(Data items)
------------------------------------
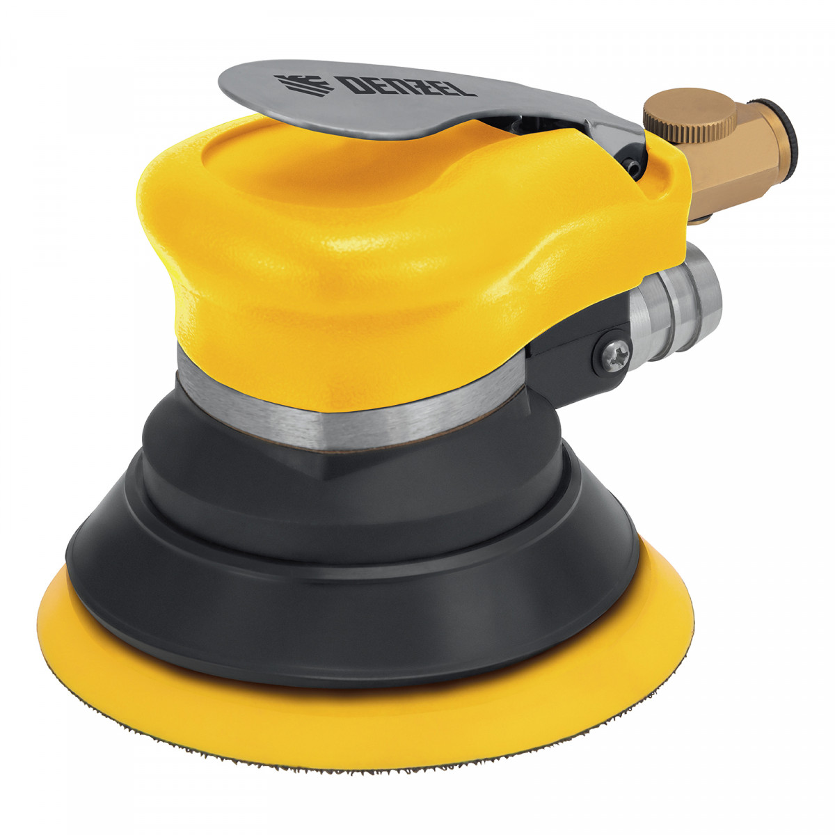 Эксцентриковая шлифмашина позволяет легко выровнять поверхность древесины, металла или пластика. Во время эксплуатации важно не забывать о добавлении специального масла ISO 46, которое можно наносить непосредственно на входной штуцер или использовать с блоком подготовки воздуха Denzel 57469, оснащенным лубрикатором для автоматического расхода масла.
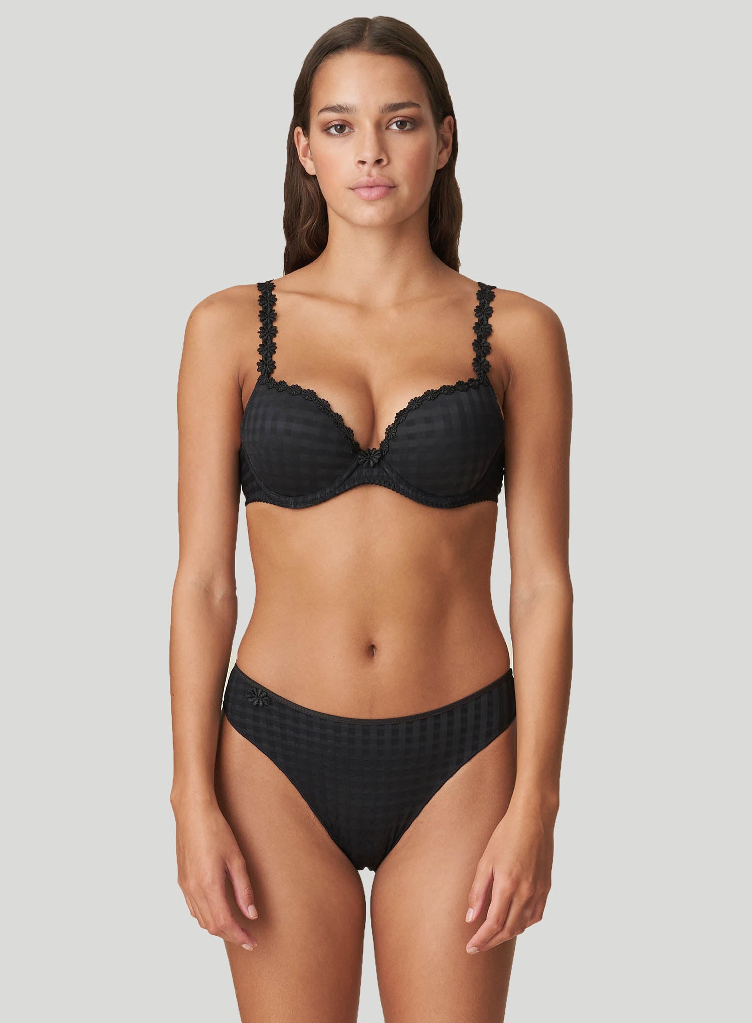 MARIE JO Avero Push Up Bra in Black is a pre-formed padded bra with a fresh, youthful look. Featuring the signature Marie Jo Avero detailed straps, this is a must have summer look! The shoulder straps offer the flexibility of wear enabling you to choose between wearing around the neck or over the shoulders. If you are looking for a classic balcony bra with a stylish look, you can’t go past the Avero series.
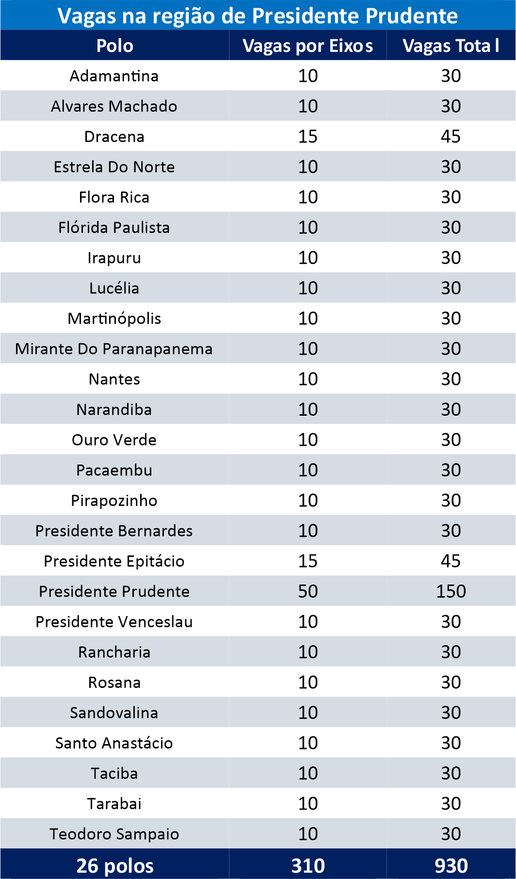 A Universidade Virtual do Estado de São Paulo (Univesp) abriu na segunda-feira (6) as inscrições para 25.350 vagas do vestibular anual 2023, destinadas a 419 polos, de 366 municípios. Na região de Presidente Prudente são 930, voltadas a 26 polos. Em Adamantina, são 30 vagas. Veja o quadro de vagas para a região:
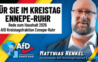 Am vergangenen Donnerstag, den 12. Februar 2026, fand die konstituierende Sitzung des neu gebildeten Ausschusses für Kreisentwicklung, Wirtschaft und digitale Infrastruktur im Kreishaus in Schwelm statt. Unter der Leitung des neuen AfD-Ausschussvorsitzenden Sven Layh trat [...]
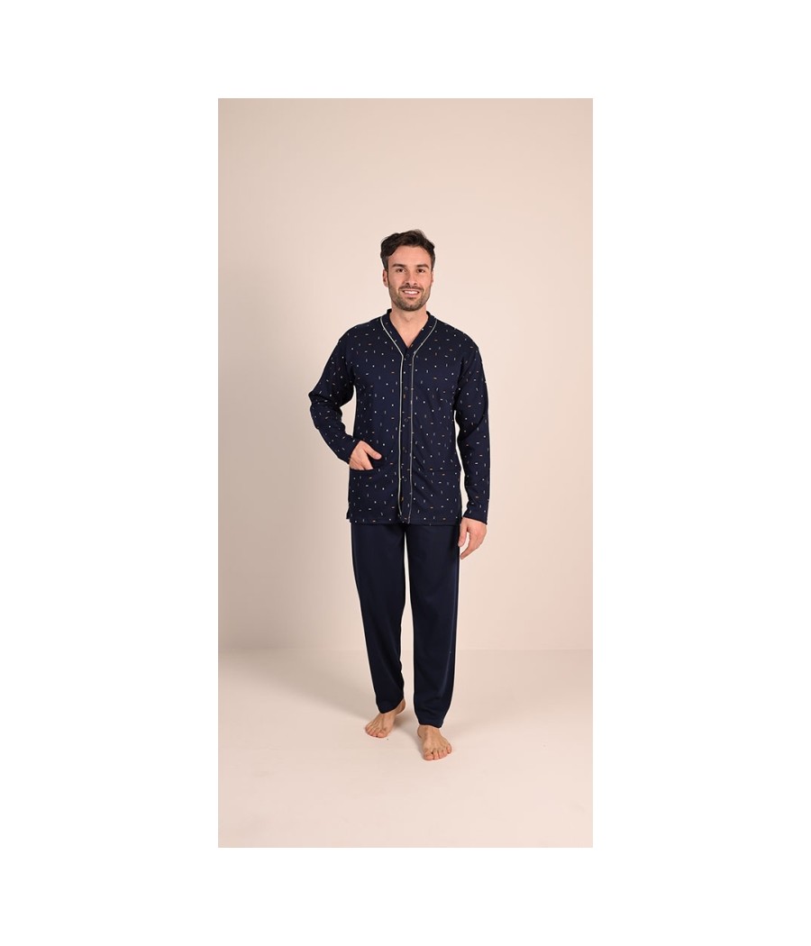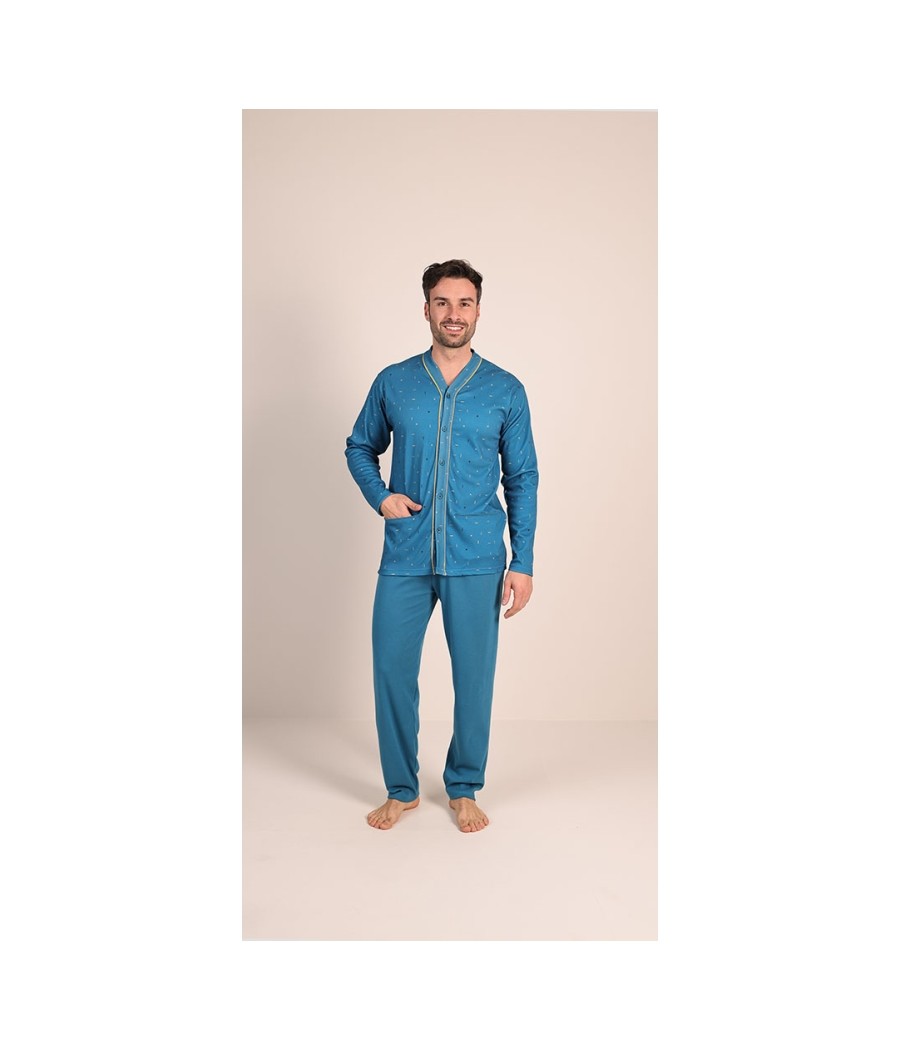 Pigiama uomo Gary modello 6022, realizzato in 100% caldo cotone interlock. Design con cardigan a fantasia dotato di tasche e pantalone tinta unita. Morbido, caldo e confortevole, ideale per la stagione invernale. Disponibile nelle taglie dalla M alla XXL e nei colori blu e cobalto.
------------------------------------
- **ACTIVITY**: Give the data again word for word, without images.

- **SOLUTION BELOW**:
 Эксцентриковая шлифмашина позволяет легко выровнять поверхность древесины, металла или пластика. Во время эксплуатации важно не забывать о добавлении специального масла ISO 46, которое можно наносить непосредственно на входной штуцер или использовать с блоком подготовки воздуха Denzel 57469, оснащенным лубрикатором для автоматического расхода масла.
 MARIE JO Avero Push Up Bra in Black is a pre-formed padded bra with a fresh, youthful look. Featuring the signature Marie Jo Avero detailed straps, this is a must have summer look! The shoulder straps offer the flexibility of wear enabling you to choose between wearing around the neck or over the shoulders. If you are looking for a classic balcony bra with a stylish look, you can’t go past the Avero series.
 A Universidade Virtual do Estado de São Paulo (Univesp) abriu na segunda-feira (6) as inscrições para 25.350 vagas do vestibular anual 2023, destinadas a 419 polos, de 366 municípios. Na região de Presidente Prudente são 930, voltadas a 26 polos. Em Adamantina, são 30 vagas. Veja o quadro de vagas para a região:
 Am vergangenen Donnerstag, den 12. Februar 2026, fand die konstituierende Sitzung des neu gebildeten Ausschusses für Kreisentwicklung, Wirtschaft und digitale Infrastruktur im Kreishaus in Schwelm statt. Unter der Leitung des neuen AfD-Ausschussvorsitzenden Sven Layh trat [...]
 Pigiama uomo Gary modello 6022, realizzato in 100% caldo cotone interlock. Design con cardigan a fantasia dotato di tasche e pantalone tinta unita. Morbido, caldo e confortevole, ideale per la stagione invernale. Disponibile nelle taglie dalla M alla XXL e nei colori blu e cobalto.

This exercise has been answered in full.